- 14 ounces package Tortilla chips, you can use a 10 to 18-ounce package for this recipe.
- 14 ounces can black beans, drained and rinsed
- 8 ounces tempeh, diced very small
- 1/2 cup onion - red onion, diced
- 1 hot chili pepper, sliced thin crosswise
- 1/4 cup or 1 Roma tomato, diced small
- 2 tablespoons hempseed, raw shelled
- 1 cup or 1 avocado, diced
- 1 tablespoon lime juice - from one lime
- 3/4 cup raw cashews - soaked from 2 hours to overnight
- 1/2 cup water to be added to the mix when blended
- 1 tablespoon nutritional yeast
- 2 teaspoons tapioca starch - or tapioca flour, they're the same thing
- 1/2 teaspoon garlic powder
- 1/2 teaspoon onion powder
- 2 teaspoons lemon juice - fresh juice
- Cover the cashews with water and soak rom two hours to overnight. Drain.

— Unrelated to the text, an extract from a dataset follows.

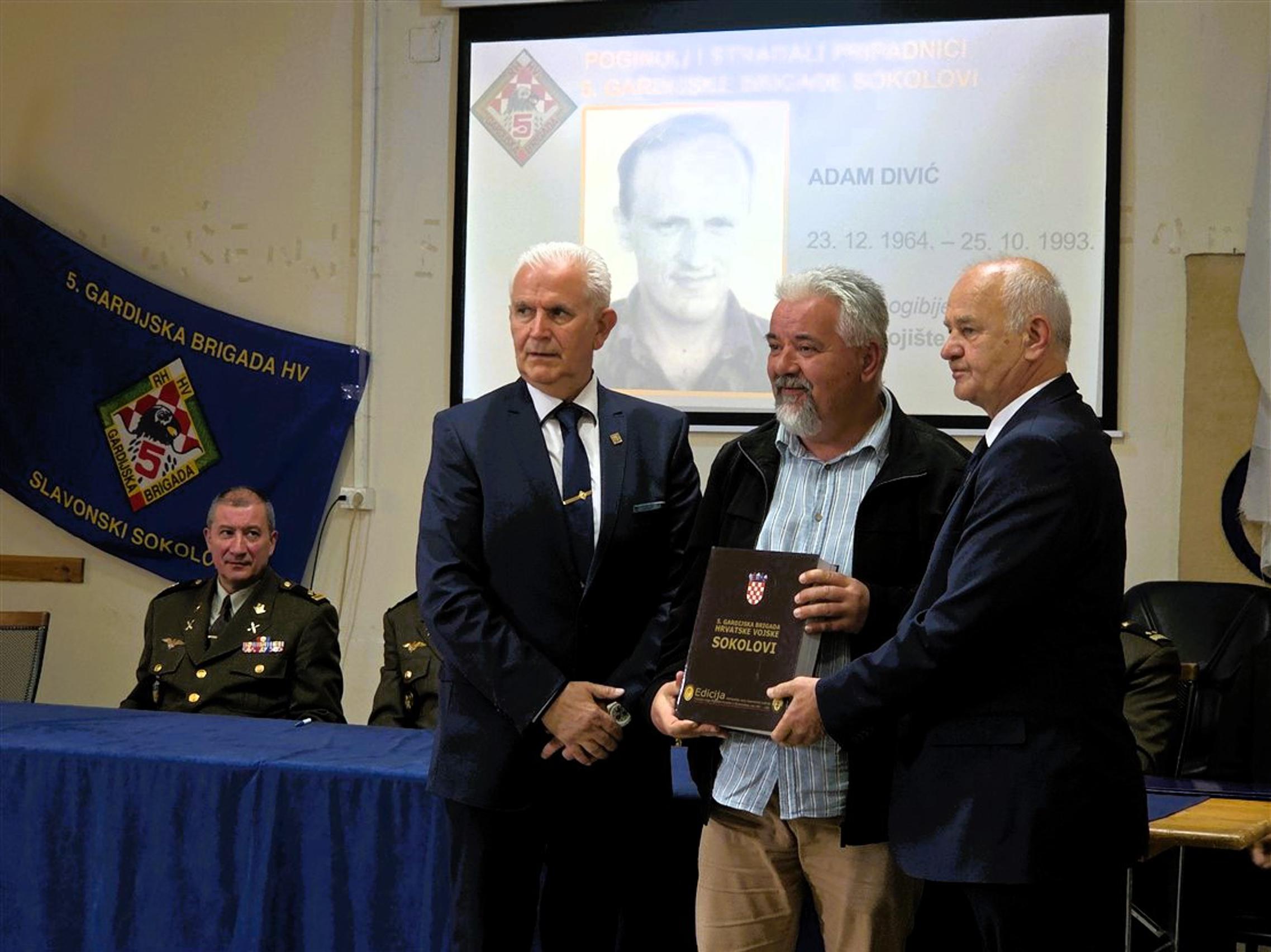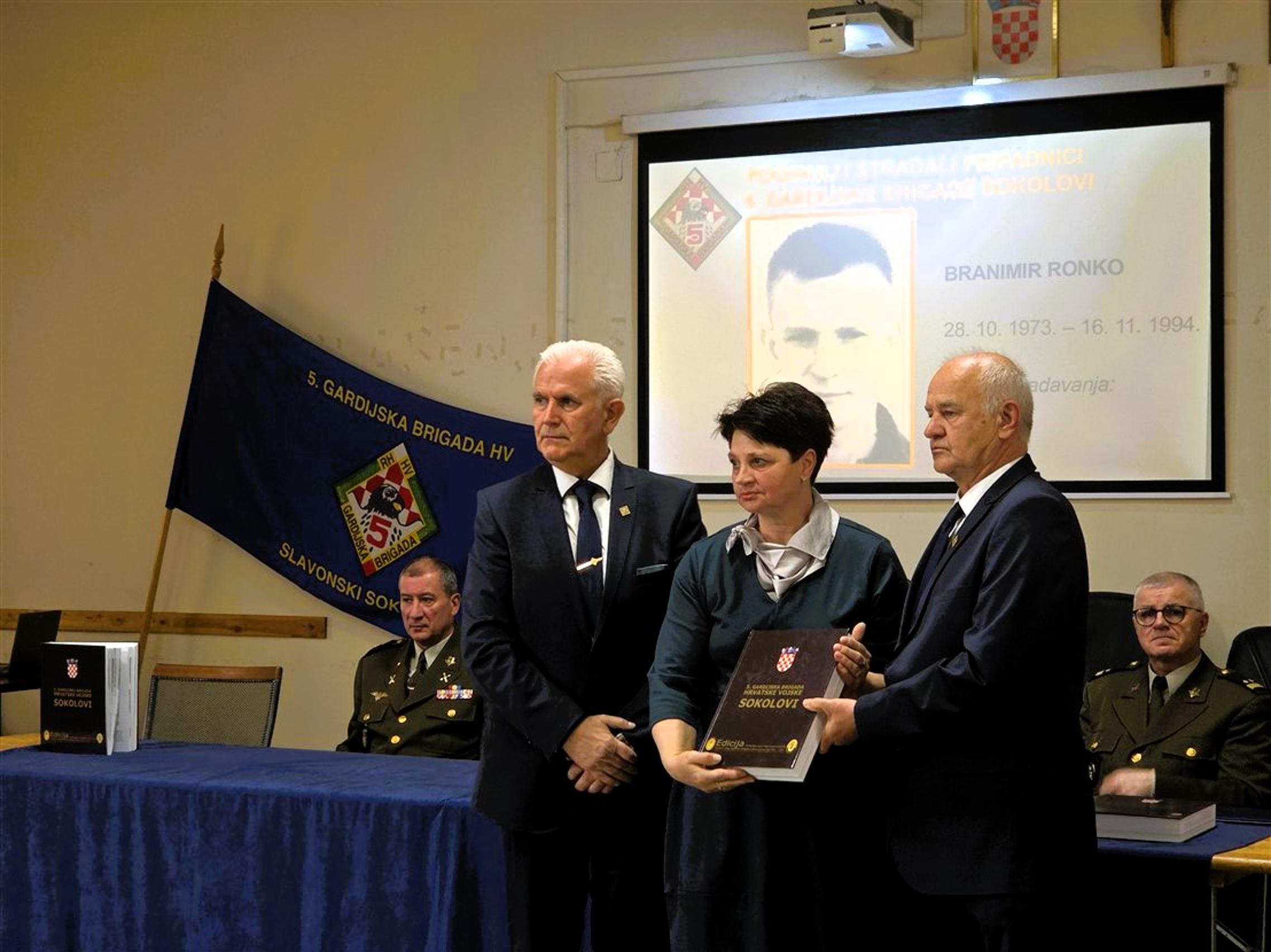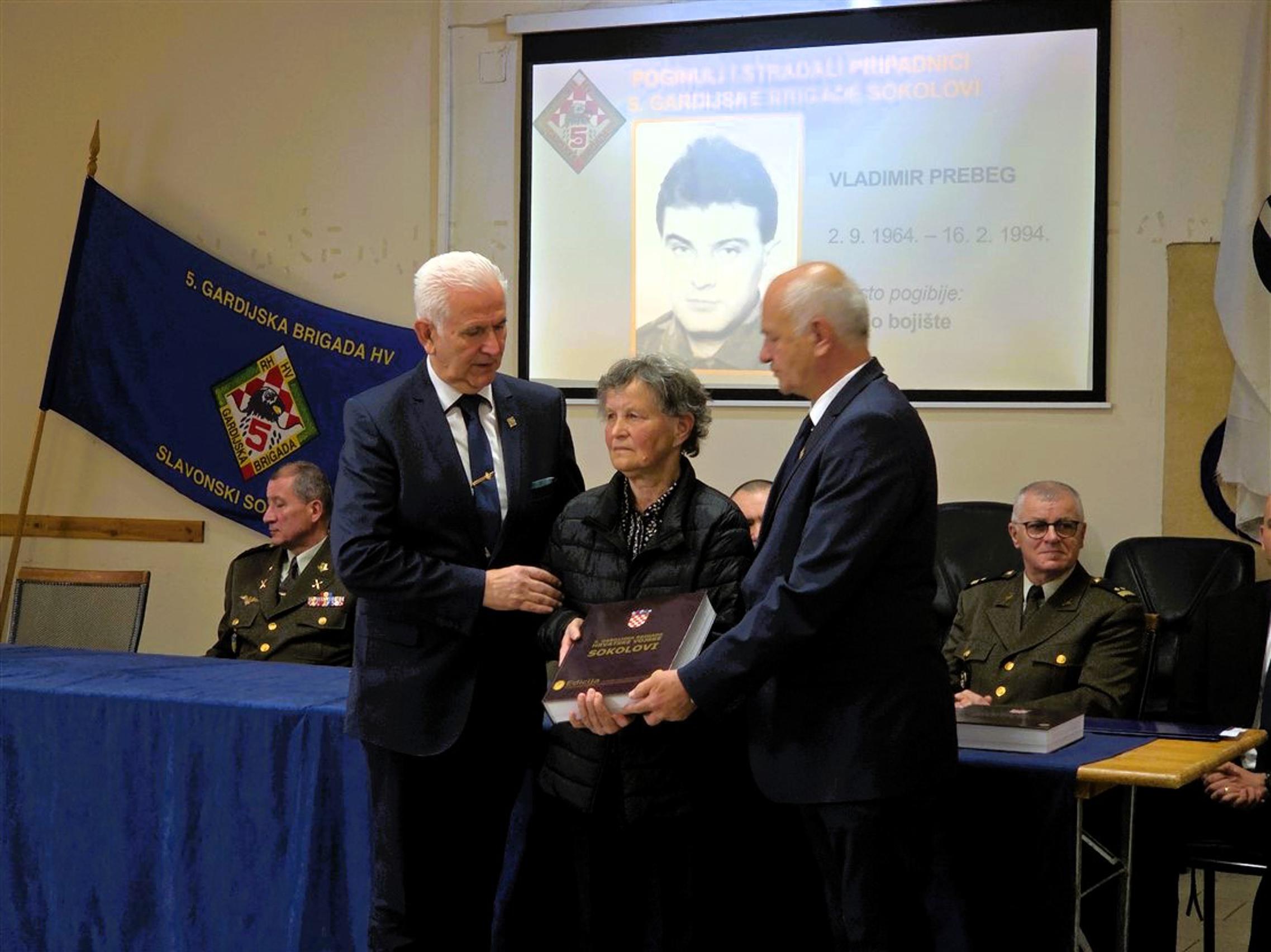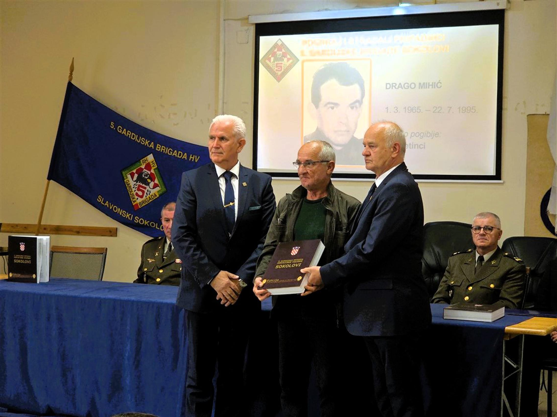 Nakon predstavljanja monografije, članovima obitelji poginulih pripadnika 5. gbr HV-a, predstavnicima županijskih i gradskih vlasti kao i predstavnicima raznih društvenih i kulturnih organizacija, primjerak knjige svečano su uručili umirovljeni general bojnik Ivan Kapular (ratni zapovjednik brigade) i umirovljeni general bojnik Živko Budimir.

- Add all of the ingredients to a blender and blend until smooth. Turn this blended mixture into a saucepan.
- Cook on medium heat and stir until the sauce thickens a bit. It will take about 5 minutes. Take off the heat to cool.
- Lay all the chips on a platter. Sprinkle black beans, tomato, pepper, and tempeh (if used) over the chips.
- Dot with cashew cream. Sprinkle on red onion, chili pepper and raw hempseed.
- Dredge the avocado in lime juice. Sprinkle diced avocado over the nachos.